The rationale is that these people reinvest their money in the economy, creating new technologies, fueling growth, and ultimately creating jobs for working people. That may be at least partially true, and in itself that’s a good thing, but what about all the money that average people spend? After all, it’s not as if working people put their salary in their mattress! No, they spend every penny they earn on things like rent and food and toys for the kids. Don’t all those expenditures help the economy as well? And the fact is, there’s a good deal of evidence that a lot of the money invested in developing new products and technologies is wasted on ill-conceived ventures (“venture capitalism” sounds glamorous, but everything isn’t a success).
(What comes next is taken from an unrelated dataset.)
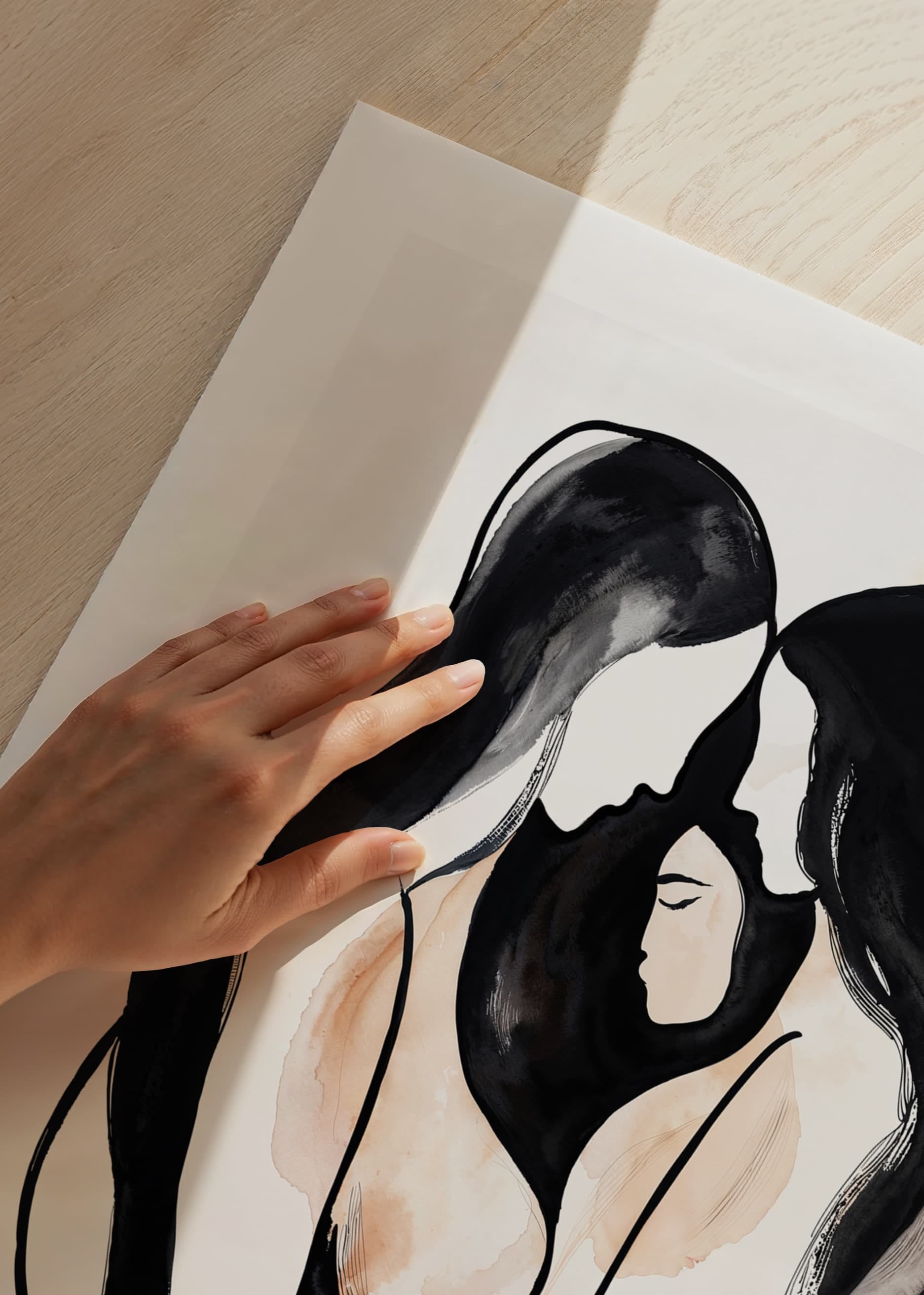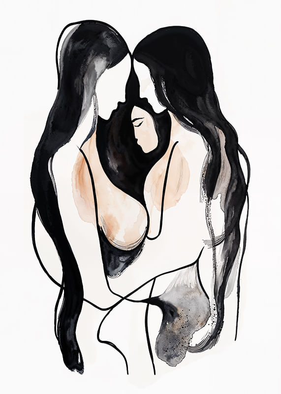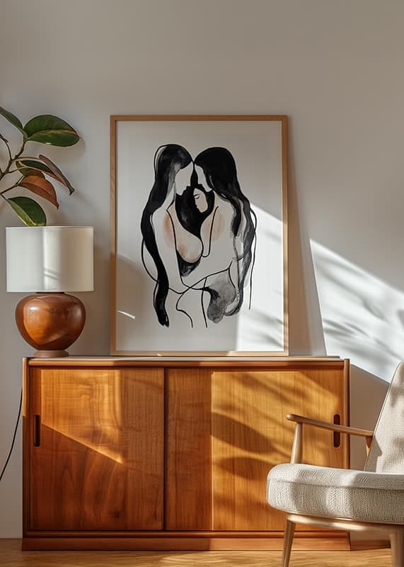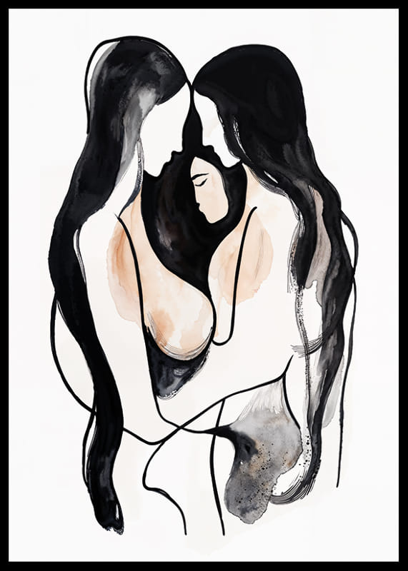 In this poster, two figures meet in an intimate and comfortable embrace, their contours intertwined in soft, undulating lines. The abstract style and monochromatic palette create a sense of inner peace and unity.

It seems to me that every dollar taxed away from working people (and in this instance I’m talking about the bottom 99%!) would have been spent in productive ways. I’m no fan of companies like Walmart, Target or McDonald’s—they don’t pay their workers nearly enough—but is there some reason our tax policy is deliberately steering money away from them—including the whole supply chain and the jobs it creates—and towards Silicon Valley instead? Okay, a good deal of what’s sold at Walmart is actually manufactured in China, but that doesn’t change the essential injustice of what’s going on here.